TASK DIRECTIONS:
Everything in the records below is to be reproduced exactly, apart from the images.

DATA:
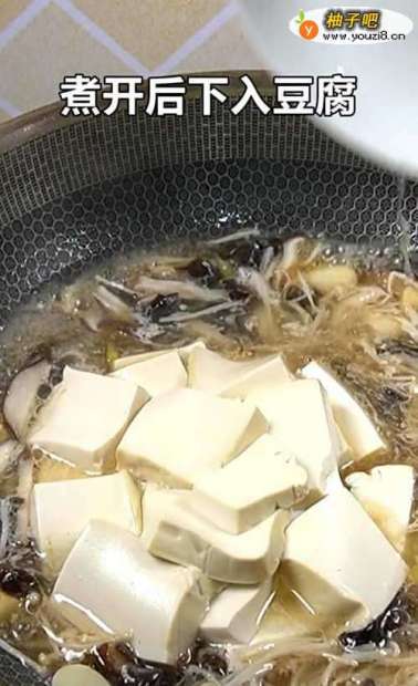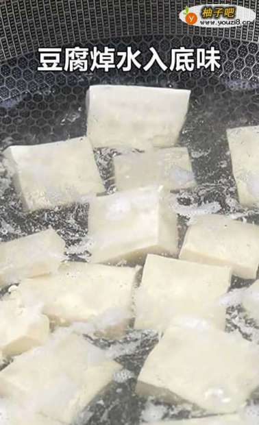 2锅里水烧开加食盐,豆腐焯水入底味,煮一分钟捞起备用
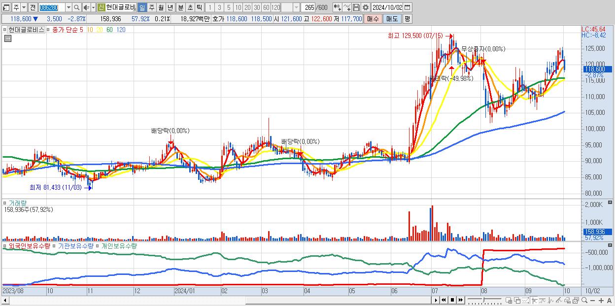 - 현대글로비스 (118,600원 ▼ -2.87% , 시총: 88,950억, 외국인 순매수 거래금:46억)
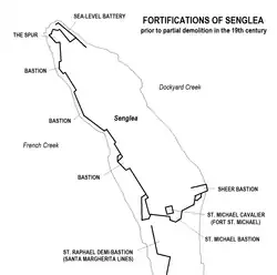 Las fortificaciones de Senglea, tal como son hoy en día, consisten en (enumeradas en el sentido de las agujas del reloj desde el frente terrestre hasta el Espolón):
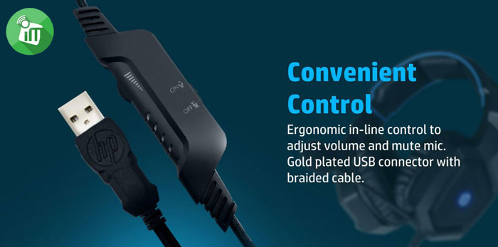 Ergonomic in-line control to adjust volume and mute mic. Gold plated USB connector with braided cable
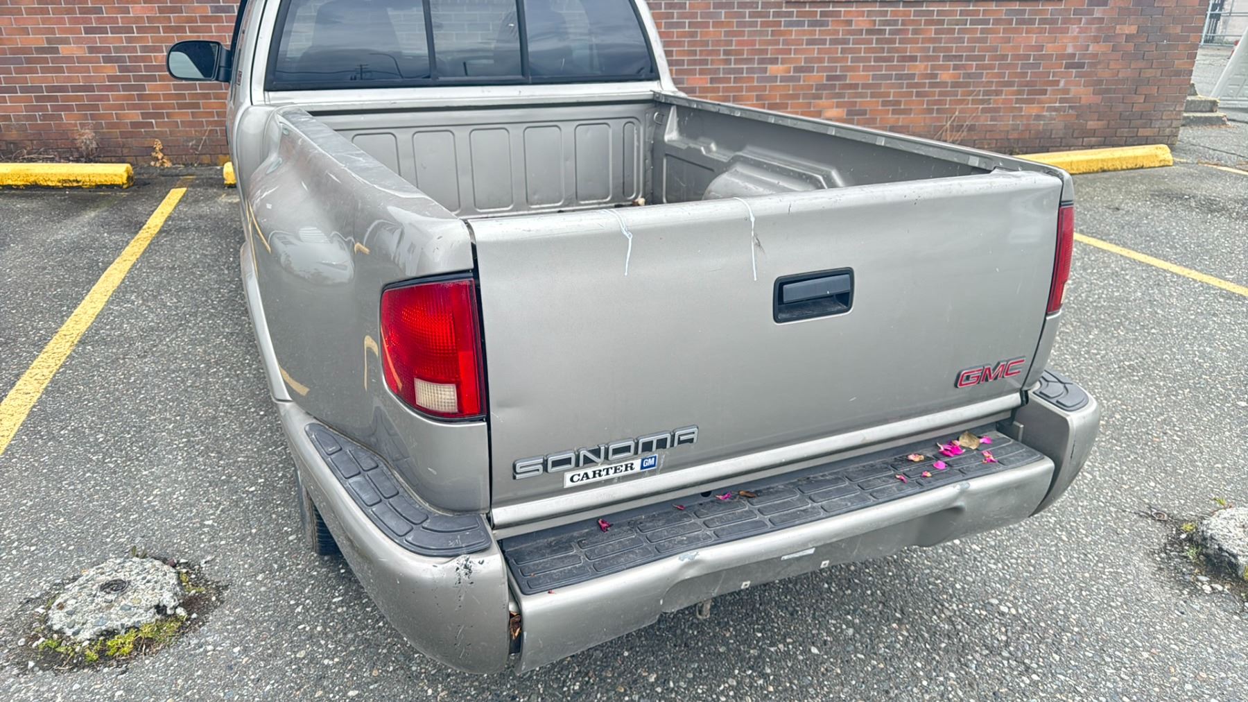 2002 GMC SONOMA SLS 3 DOOR EXT CAB PICK UP GREY VIN 1GTCS195628128694 336,228 KMS, GAS (G), 2.2LTR, AUTOMATIC, HAS REGISTRATION, HAS KEYS FEATURES: RADIO, COMPACT DISC, AIR COND, RUST ISSUES ABS LIGHT ON, RIGHT SIGNAL LIGHT ALWAYS ON SHOWING ON DASHBOARD, NEEDS NEW BATTERY, EXHAUST LEAK, CRACKED FRONT BUMPER & PAINT CHIPS, PAINT ON TAILGATE, REAR BUMPER DENTED & PAINT CHIPS, TAILGATE HANDLE LOOSE, SCRATCHES ALL OVER BODY & BOX, TAPE RESIDUE ON REAR WINDOW, A/C NOT WORKING 1 X ICBC NO DETAILS, 4 X ICBC GLASS TTL $2181.44
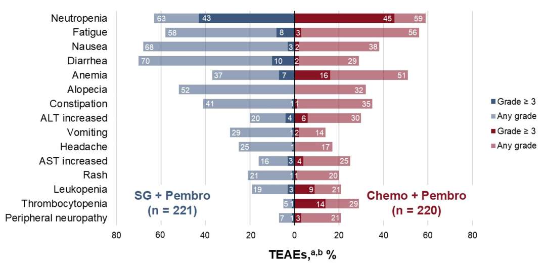 [2]Sara M.Tolaney,et al.Sacituzumab govitecan(SG)+pembrolizumab(pembro)vs chemotherapy(chemo)+pembro in previously untreated PD-L1–positive advanced triple-negative breast cancer(TNBC):Primary results from the randomized phase 3 ASCENT-04/KEYNOTE-D19 study.2025 ASCO LBA 109.

OUTPUT OF THE TASK:
 2锅里水烧开加食盐,豆腐焯水入底味,煮一分钟捞起备用
 - 현대글로비스 (118,600원 ▼ -2.87% , 시총: 88,950억, 외국인 순매수 거래금:46억)
 Las fortificaciones de Senglea, tal como son hoy en día, consisten en (enumeradas en el sentido de las agujas del reloj desde el frente terrestre hasta el Espolón):
 Ergonomic in-line control to adjust volume and mute mic. Gold plated USB connector with braided cable
 2002 GMC SONOMA SLS 3 DOOR EXT CAB PICK UP GREY VIN 1GTCS195628128694 336,228 KMS, GAS (G), 2.2LTR, AUTOMATIC, HAS REGISTRATION, HAS KEYS FEATURES: RADIO, COMPACT DISC, AIR COND, RUST ISSUES ABS LIGHT ON, RIGHT SIGNAL LIGHT ALWAYS ON SHOWING ON DASHBOARD, NEEDS NEW BATTERY, EXHAUST LEAK, CRACKED FRONT BUMPER & PAINT CHIPS, PAINT ON TAILGATE, REAR BUMPER DENTED & PAINT CHIPS, TAILGATE HANDLE LOOSE, SCRATCHES ALL OVER BODY & BOX, TAPE RESIDUE ON REAR WINDOW, A/C NOT WORKING 1 X ICBC NO DETAILS, 4 X ICBC GLASS TTL $2181.44
 [2]Sara M.Tolaney,et al.Sacituzumab govitecan(SG)+pembrolizumab(pembro)vs chemotherapy(chemo)+pembro in previously untreated PD-L1–positive advanced triple-negative breast cancer(TNBC):Primary results from the randomized phase 3 ASCENT-04/KEYNOTE-D19 study.2025 ASCO LBA 109.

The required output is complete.